▶ AVAILABLE DATA
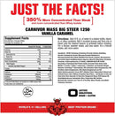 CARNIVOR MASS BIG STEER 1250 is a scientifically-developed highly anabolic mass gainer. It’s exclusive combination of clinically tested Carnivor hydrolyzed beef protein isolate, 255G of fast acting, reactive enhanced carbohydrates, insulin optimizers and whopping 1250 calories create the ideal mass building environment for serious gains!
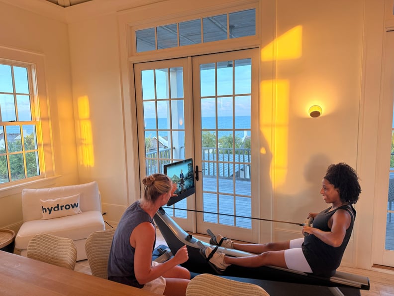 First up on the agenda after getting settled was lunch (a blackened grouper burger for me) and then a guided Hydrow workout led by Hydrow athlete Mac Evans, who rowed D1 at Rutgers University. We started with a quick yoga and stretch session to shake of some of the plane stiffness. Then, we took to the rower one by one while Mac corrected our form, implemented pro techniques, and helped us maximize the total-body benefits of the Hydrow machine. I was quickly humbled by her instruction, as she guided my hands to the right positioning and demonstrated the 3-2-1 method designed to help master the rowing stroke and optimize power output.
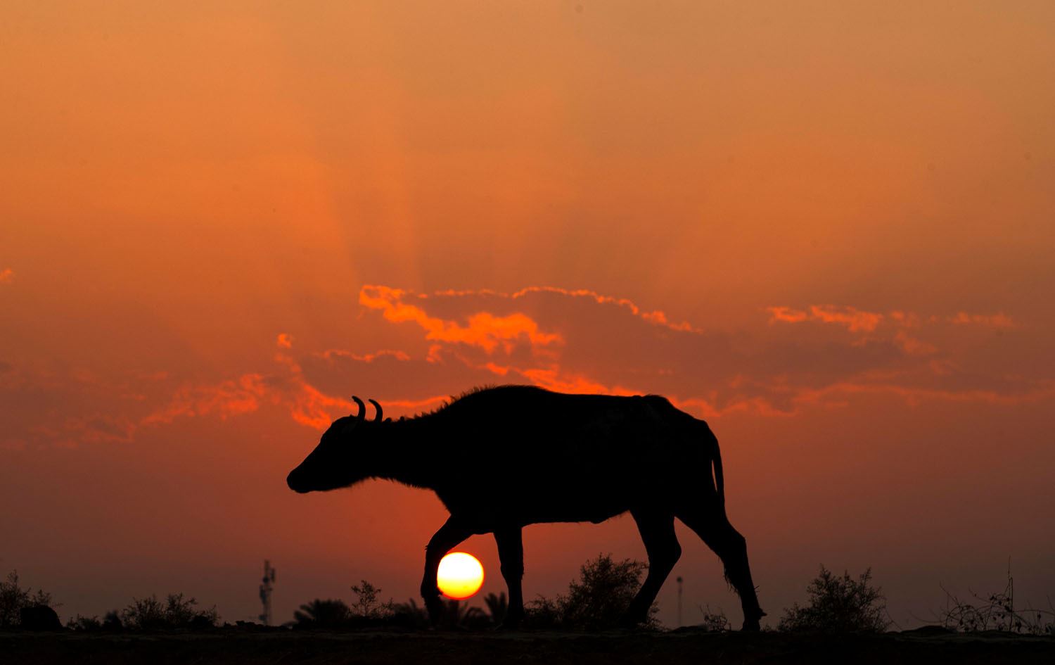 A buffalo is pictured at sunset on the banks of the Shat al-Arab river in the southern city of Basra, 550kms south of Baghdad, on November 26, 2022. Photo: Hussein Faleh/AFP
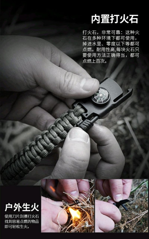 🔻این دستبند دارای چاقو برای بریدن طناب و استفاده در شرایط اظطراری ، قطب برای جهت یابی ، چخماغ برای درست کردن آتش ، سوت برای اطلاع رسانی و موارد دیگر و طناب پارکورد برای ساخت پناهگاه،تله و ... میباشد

▶ EXERCISE OBJECTIVE
From the line with "A buffalo is" through the end of the listing, write out every line exactly, leaving out the pictures.

▶ RESULT FOR THIS TASK
 A buffalo is pictured at sunset on the banks of the Shat al-Arab river in the southern city of Basra, 550kms south of Baghdad, on November 26, 2022. Photo: Hussein Faleh/AFP
 🔻این دستبند دارای چاقو برای بریدن طناب و استفاده در شرایط اظطراری ، قطب برای جهت یابی ، چخماغ برای درست کردن آتش ، سوت برای اطلاع رسانی و موارد دیگر و طناب پارکورد برای ساخت پناهگاه،تله و ... میباشد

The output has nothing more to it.